TL;DR - I'm finetuning Octo to a new observation and action space for ALOHA's Transfer Cube task.
I spent a few days to figure how to demonstrate what I believe to be the future of general robot control: robot learning. This demonstration combines three major breakthroughs that happened in robotics in 2023; a low-cost open source manipulation setup [1], the first large scale robotic dataset [2] and a powerful generalist control policy [3].
The Loom video provides a high-level overview and below highlights some of the technical details. I hope you enjoy!
To demonstrate the capabilities of general robot policies I chose a simulation environment based on A Low-cost Open-source Hardware System for Bimanual Teleoperation [1]. One of its five design principles is versatility - it can be applied to a wide range of fine manipulation tasks with real-world objects. This makes a perfect playground for demonstrating generalizabilty.
For the simulated Transfer Cube task, the right arm needs to first pick up the red cube lying on the table, then place it inside the gripper of the other arm. Due to the small clearance between the cube and the left gripper (around 1cm), small errors could result in collisions and task failure [1].
I believe that deploying robot learning algorithms to real-world tasks will require finetuning to specific tasks (at least for now). In this demo I am finetuning Octo which was mainly trained on single arm robot data using image observations and end-effector positions as the action space [2][3]. For the ALOHA simulation environment the new observation space consist of a single camera and the robot's proprioception data. The new action space is joint control for bimanual interaction.
For the control policy I am deploying Octo - a widely applicable generalist policies for robotic manipulation [3]. The Octo model is a transformer-based diffusion policy, pretrained on 800k robot episodes from the Open X-Embodiment dataset [2]. It supports flexible task and observation definitions and can be quickly finetuned to new observation and action spaces. The Octo Model Team introduced two initial versions of Octo, Octo-Small (27M parameters) and Octo-Base (93M parameters).

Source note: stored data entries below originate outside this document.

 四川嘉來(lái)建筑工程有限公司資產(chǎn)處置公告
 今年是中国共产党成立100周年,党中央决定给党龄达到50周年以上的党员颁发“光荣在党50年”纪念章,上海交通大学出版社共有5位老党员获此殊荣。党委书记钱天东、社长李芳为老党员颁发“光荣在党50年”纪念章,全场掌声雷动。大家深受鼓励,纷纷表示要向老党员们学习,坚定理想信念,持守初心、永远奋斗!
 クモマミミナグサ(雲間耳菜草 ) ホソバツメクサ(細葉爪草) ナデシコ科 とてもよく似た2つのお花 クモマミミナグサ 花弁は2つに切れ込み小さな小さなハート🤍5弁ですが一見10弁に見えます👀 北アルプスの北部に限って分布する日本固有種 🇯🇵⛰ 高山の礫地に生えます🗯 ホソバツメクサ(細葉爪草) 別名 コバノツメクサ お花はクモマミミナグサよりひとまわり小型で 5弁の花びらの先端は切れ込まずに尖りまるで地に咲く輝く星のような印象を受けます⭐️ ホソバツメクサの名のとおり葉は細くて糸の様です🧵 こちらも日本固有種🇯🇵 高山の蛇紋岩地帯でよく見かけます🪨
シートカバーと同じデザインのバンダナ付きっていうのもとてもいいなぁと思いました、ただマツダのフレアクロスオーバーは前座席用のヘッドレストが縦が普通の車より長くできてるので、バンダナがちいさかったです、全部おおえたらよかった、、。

I am using the simulated ALOHA cube handover dataset aloha_sim_cube_scripted_dataset. It includes 48 expert demonstrations. The dataset can be found here: https://rail.eecs.berkeley.edu/datasets/.

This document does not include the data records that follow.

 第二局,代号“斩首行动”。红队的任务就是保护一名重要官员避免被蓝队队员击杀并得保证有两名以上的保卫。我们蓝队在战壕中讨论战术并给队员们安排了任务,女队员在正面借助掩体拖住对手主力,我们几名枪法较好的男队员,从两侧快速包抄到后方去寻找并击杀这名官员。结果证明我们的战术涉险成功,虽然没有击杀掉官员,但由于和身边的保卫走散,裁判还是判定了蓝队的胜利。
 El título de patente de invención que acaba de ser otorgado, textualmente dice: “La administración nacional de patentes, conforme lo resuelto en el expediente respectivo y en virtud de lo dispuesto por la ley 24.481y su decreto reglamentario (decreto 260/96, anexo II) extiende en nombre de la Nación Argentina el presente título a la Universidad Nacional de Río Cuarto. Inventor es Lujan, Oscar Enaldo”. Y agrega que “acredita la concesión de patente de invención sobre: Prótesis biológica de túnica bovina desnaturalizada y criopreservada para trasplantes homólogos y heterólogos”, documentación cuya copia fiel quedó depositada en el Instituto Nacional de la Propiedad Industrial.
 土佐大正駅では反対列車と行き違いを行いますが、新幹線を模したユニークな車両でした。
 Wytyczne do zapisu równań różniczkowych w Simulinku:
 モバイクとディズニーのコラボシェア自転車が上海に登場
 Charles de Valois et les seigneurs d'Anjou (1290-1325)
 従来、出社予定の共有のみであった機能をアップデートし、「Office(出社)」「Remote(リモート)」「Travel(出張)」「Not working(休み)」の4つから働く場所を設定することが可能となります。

The model was trained for 25000 steps with a batch size of 128 (Octo-Small) and 64 (Octo-Base) using a TPU v3-8 pod, which took around 3 hours and cost around $20 per run. The training history can be found here: https://wandb.ai/j4nn1k/octo-finetuning.

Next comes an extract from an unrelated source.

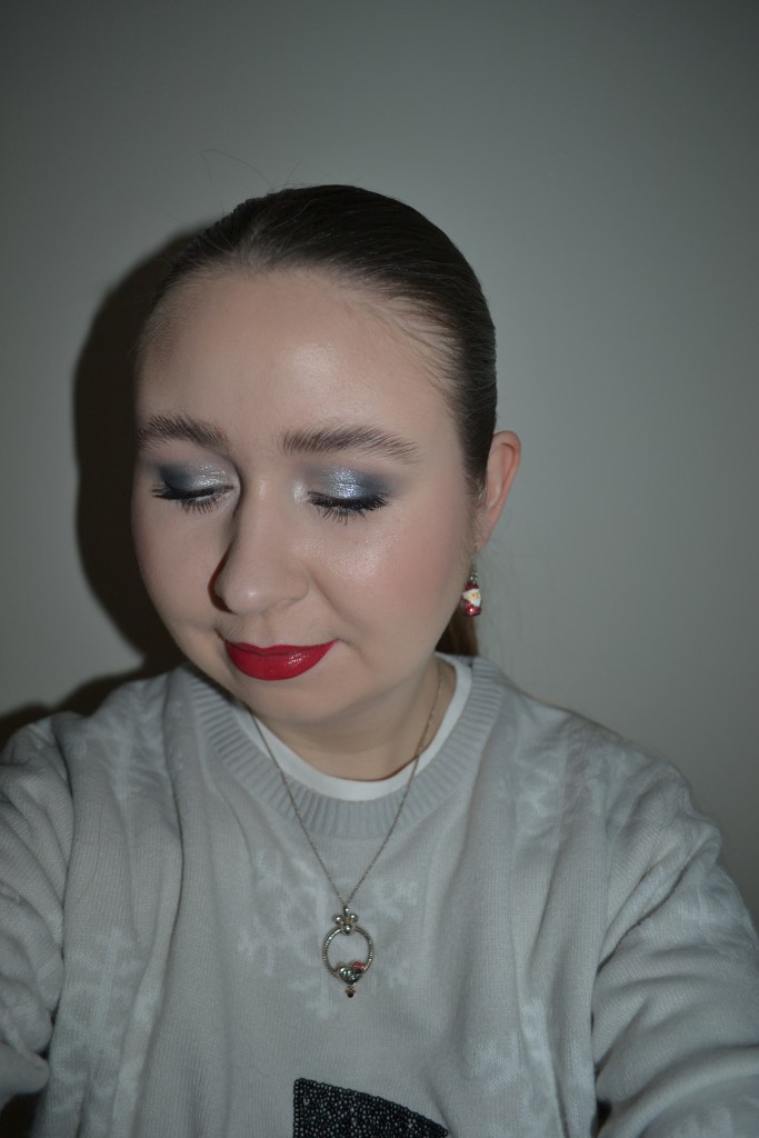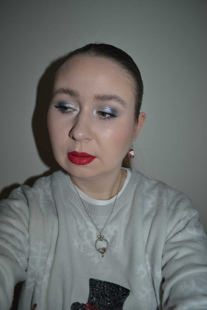 (Base: primer – e.l.f. Cosmetics Liquid Poreless Putty primer, foundations – Make Up For Ever HD Skin Undetectable stay-true foundation (shade: 1N00), concealer – Natasha Denona Hy-Glam concealer (shade: RN1 + N2), powders – Charlotte Tilbury Airbrush Brightening Flawless Finish powder (shade: Fair/Medium) + MAC Studio Fix Pro Set + Blur Weightless loose powder (shade: Light). Face make-up: bronzer – Milk Makeup Sculpt Stick in Toasted, blusher – Catrice Beautiful.You. Cream-To-Powder blush in C02 Treat Yourself, highlighter – Fenty Beauty Diamond Bomb All-Over Diamond Veil in How Many Carats?!. Eye make-up: base – MAC Pro Longwear Paint Pot in Painterly, eyeshadows – Natasha Denona Xenon palette (shades: Contrail + Blizzard + Snirt + Cygnus + Superionic + Stellar + Sposh + Rime), mascara – Catrice Glam & Doll False Lashes mascara, eyeliners – Sephora Care eye pencil in 01 Fresh Licorice + Colourpop High School Musical Crème gel liner in Exit. Eyebrows: Anastasia Beverly Hills Brow Freeze + Maybelline Brow Ultra Slim pencil in Medium Brown. Lips: Natasha Denona I Need A Rouge lip crayon in Emilia + Catrice Wild Escape high shine lipstick pen in C03 Unknown Desert)

I evaluated the finetuned model on my desktop computer which used a RTX 3070 for inference. With Octo-Small I was able to achieve a success rate of around 75%.
In this project I demonstrated how finetuning can be used to adapt a generalist control policy to a new environment. With only 48 demonstrations I was able to tune the control policy to a new observation (top camera image and proprioception) and action space (bi-manual joint control).
[1] Learning Fine-Grained Bimanual Manipulation with Low-Cost Hardware introduces ALOHA and ACT. ALOHA is a low-cost open-source hardware system for bimanual teleoperation. ACT (Action Chunking with Transformers) predicts a sequence of actions ("an action chunk") instead of a single action like standard Behavior Cloning.
[2] Open X-Embodiment: Robotic Learning Datasets and RT-X Models introduces the largest open-source real robot dataset to date.
[3] Octo: An Open-Source Generalist Robot Policy introduces an ongoing effort for building open-source, widely applicable generalist policies for robotic manipulation. The Octo model is a transformer-based diffusion policy, pretrained on 800k robot episodes from the Open X-Embodiment dataset.